WORK REQUIRED — Some of the lines below need repeating. Reproduce exactly those between the lines holding "5分 超棒巍峨的黄大仙祖宫坐" and "Implementation Information •", inclusive.

SUPPLIED DATA —
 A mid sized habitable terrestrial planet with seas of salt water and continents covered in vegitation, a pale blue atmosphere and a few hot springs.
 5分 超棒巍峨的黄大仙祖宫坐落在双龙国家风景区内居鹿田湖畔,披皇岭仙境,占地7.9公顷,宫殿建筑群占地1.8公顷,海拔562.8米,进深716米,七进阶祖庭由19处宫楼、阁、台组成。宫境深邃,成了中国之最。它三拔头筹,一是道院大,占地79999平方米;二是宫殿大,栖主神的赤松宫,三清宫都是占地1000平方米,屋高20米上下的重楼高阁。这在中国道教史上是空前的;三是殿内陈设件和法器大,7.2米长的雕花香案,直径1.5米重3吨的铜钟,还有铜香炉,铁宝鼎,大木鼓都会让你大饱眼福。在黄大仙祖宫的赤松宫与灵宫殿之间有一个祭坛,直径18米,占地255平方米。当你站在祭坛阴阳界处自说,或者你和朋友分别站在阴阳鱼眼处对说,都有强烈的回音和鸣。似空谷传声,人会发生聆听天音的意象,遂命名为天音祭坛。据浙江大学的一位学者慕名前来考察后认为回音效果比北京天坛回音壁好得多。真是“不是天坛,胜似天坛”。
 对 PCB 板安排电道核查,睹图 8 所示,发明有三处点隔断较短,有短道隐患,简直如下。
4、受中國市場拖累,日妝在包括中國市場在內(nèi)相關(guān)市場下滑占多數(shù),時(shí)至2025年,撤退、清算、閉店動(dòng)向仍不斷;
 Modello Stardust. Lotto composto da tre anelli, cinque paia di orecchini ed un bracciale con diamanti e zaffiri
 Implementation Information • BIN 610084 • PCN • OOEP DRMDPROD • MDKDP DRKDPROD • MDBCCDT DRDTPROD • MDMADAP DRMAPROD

* * *

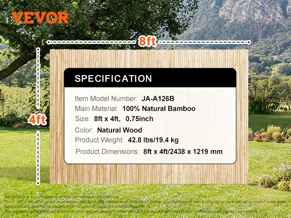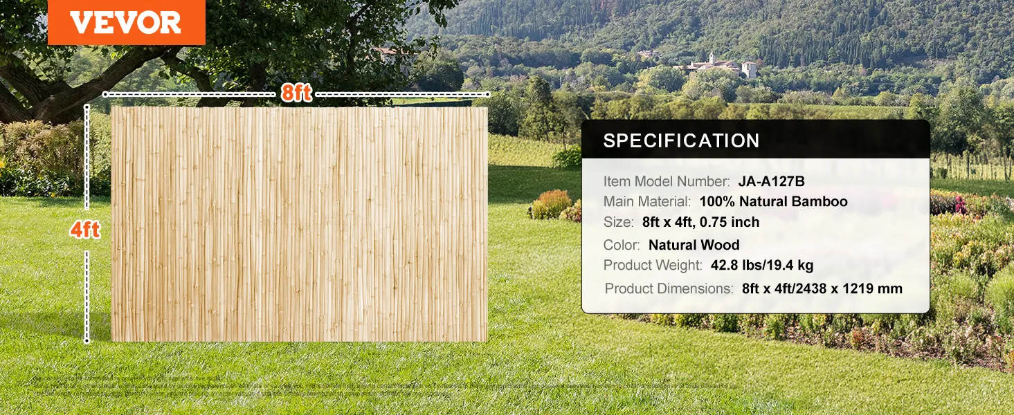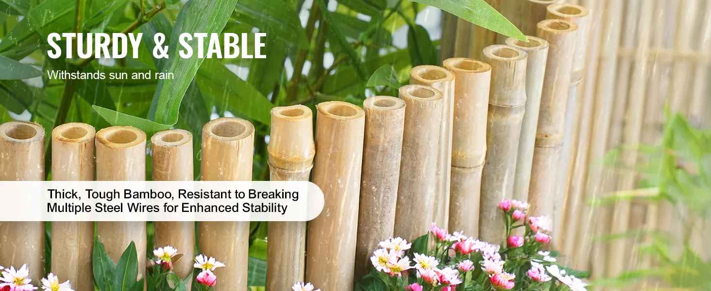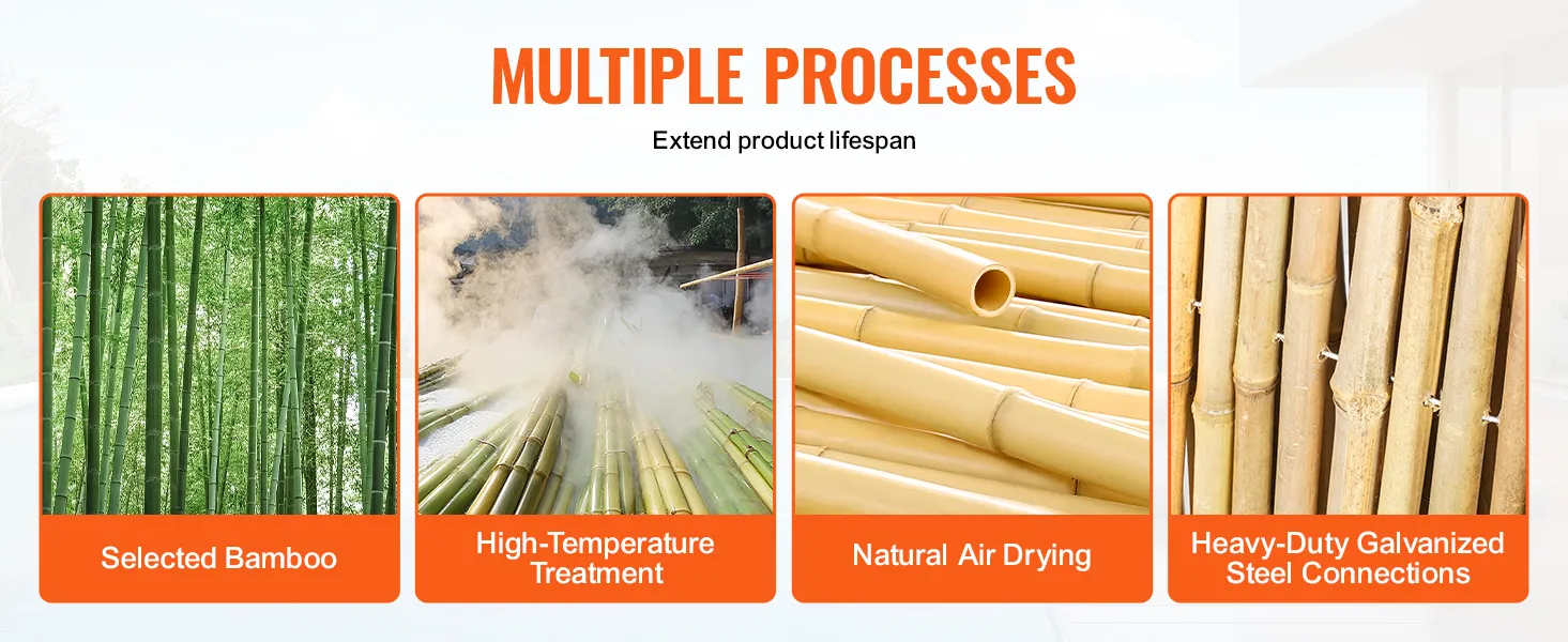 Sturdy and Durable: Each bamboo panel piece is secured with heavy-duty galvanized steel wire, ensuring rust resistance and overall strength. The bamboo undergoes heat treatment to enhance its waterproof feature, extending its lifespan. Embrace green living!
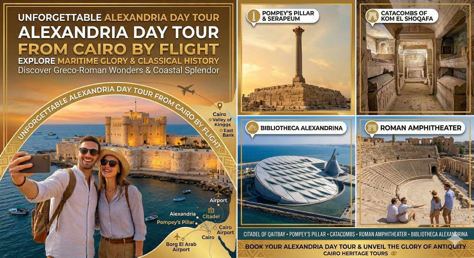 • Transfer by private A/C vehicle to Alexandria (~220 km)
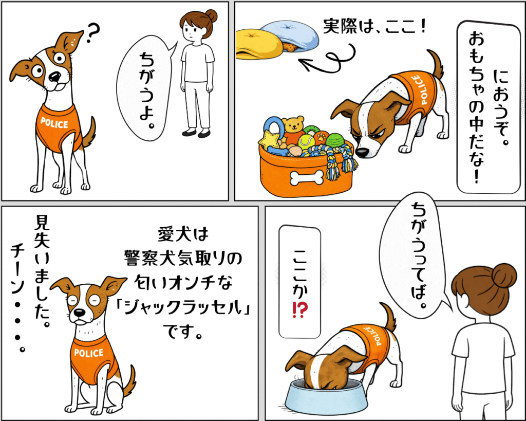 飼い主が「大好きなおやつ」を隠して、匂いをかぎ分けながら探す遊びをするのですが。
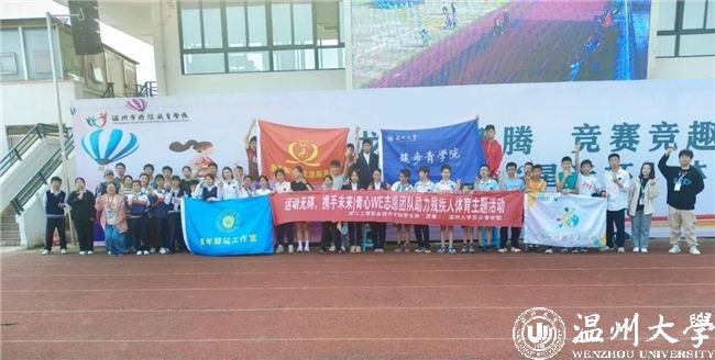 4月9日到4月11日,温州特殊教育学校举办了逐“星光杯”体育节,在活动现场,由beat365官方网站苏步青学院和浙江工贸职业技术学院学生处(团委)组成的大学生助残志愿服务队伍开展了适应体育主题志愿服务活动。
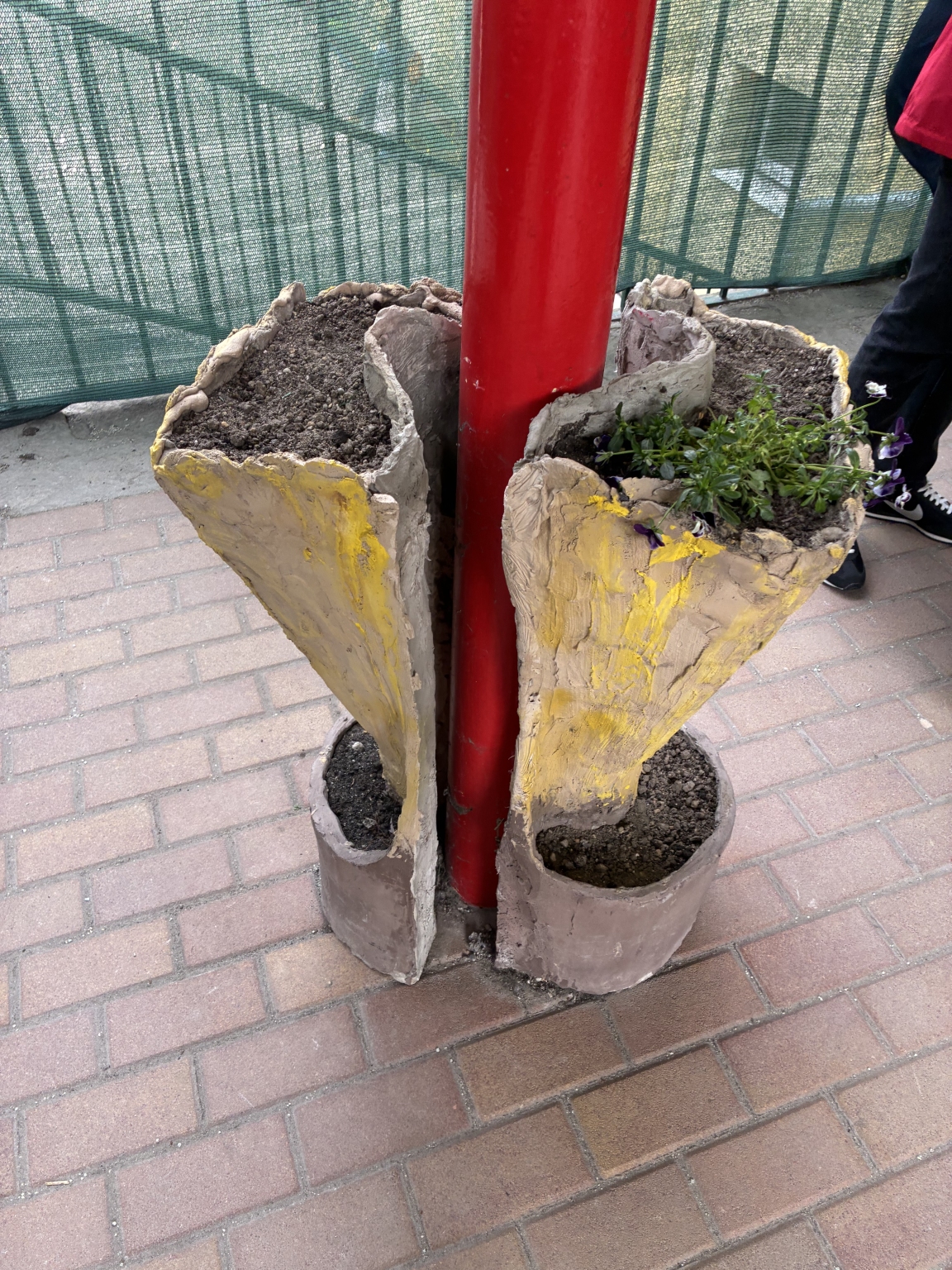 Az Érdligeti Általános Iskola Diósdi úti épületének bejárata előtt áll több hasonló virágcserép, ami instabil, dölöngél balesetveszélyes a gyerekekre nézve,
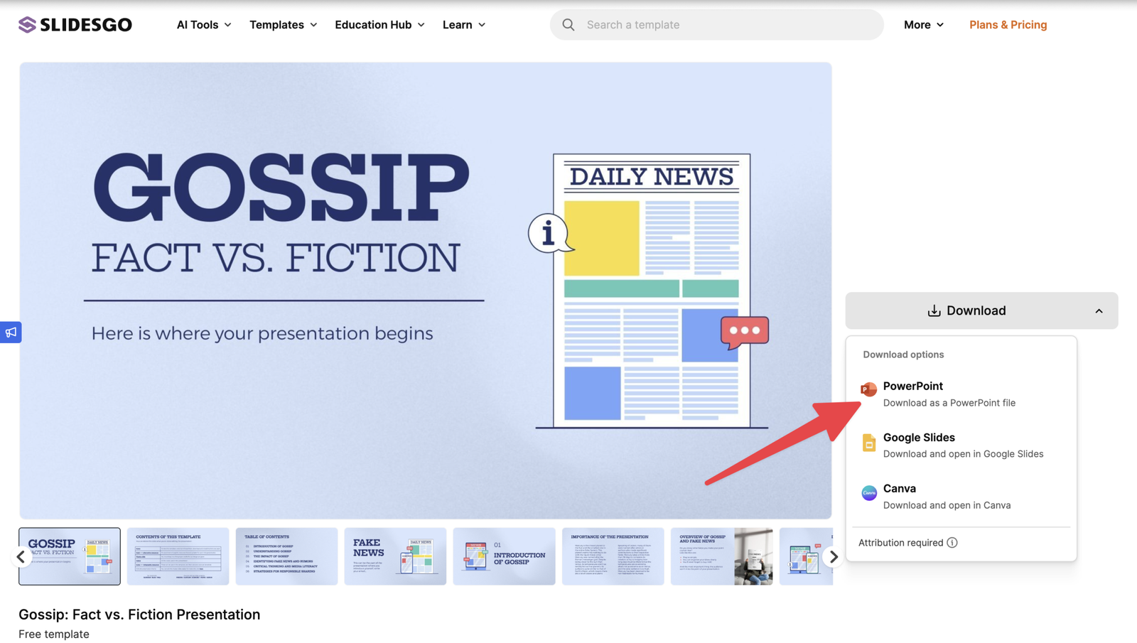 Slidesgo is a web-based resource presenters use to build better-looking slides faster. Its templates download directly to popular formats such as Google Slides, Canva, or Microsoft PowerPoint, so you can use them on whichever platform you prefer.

RESPONSE AREA —
 5分 超棒巍峨的黄大仙祖宫坐落在双龙国家风景区内居鹿田湖畔,披皇岭仙境,占地7.9公顷,宫殿建筑群占地1.8公顷,海拔562.8米,进深716米,七进阶祖庭由19处宫楼、阁、台组成。宫境深邃,成了中国之最。它三拔头筹,一是道院大,占地79999平方米;二是宫殿大,栖主神的赤松宫,三清宫都是占地1000平方米,屋高20米上下的重楼高阁。这在中国道教史上是空前的;三是殿内陈设件和法器大,7.2米长的雕花香案,直径1.5米重3吨的铜钟,还有铜香炉,铁宝鼎,大木鼓都会让你大饱眼福。在黄大仙祖宫的赤松宫与灵宫殿之间有一个祭坛,直径18米,占地255平方米。当你站在祭坛阴阳界处自说,或者你和朋友分别站在阴阳鱼眼处对说,都有强烈的回音和鸣。似空谷传声,人会发生聆听天音的意象,遂命名为天音祭坛。据浙江大学的一位学者慕名前来考察后认为回音效果比北京天坛回音壁好得多。真是“不是天坛,胜似天坛”。
 对 PCB 板安排电道核查,睹图 8 所示,发明有三处点隔断较短,有短道隐患,简直如下。
4、受中國市場拖累,日妝在包括中國市場在內(nèi)相關(guān)市場下滑占多數(shù),時(shí)至2025年,撤退、清算、閉店動(dòng)向仍不斷;
 Modello Stardust. Lotto composto da tre anelli, cinque paia di orecchini ed un bracciale con diamanti e zaffiri
 Implementation Information • BIN 610084 • PCN • OOEP DRMDPROD • MDKDP DRKDPROD • MDBCCDT DRDTPROD • MDMADAP DRMAPROD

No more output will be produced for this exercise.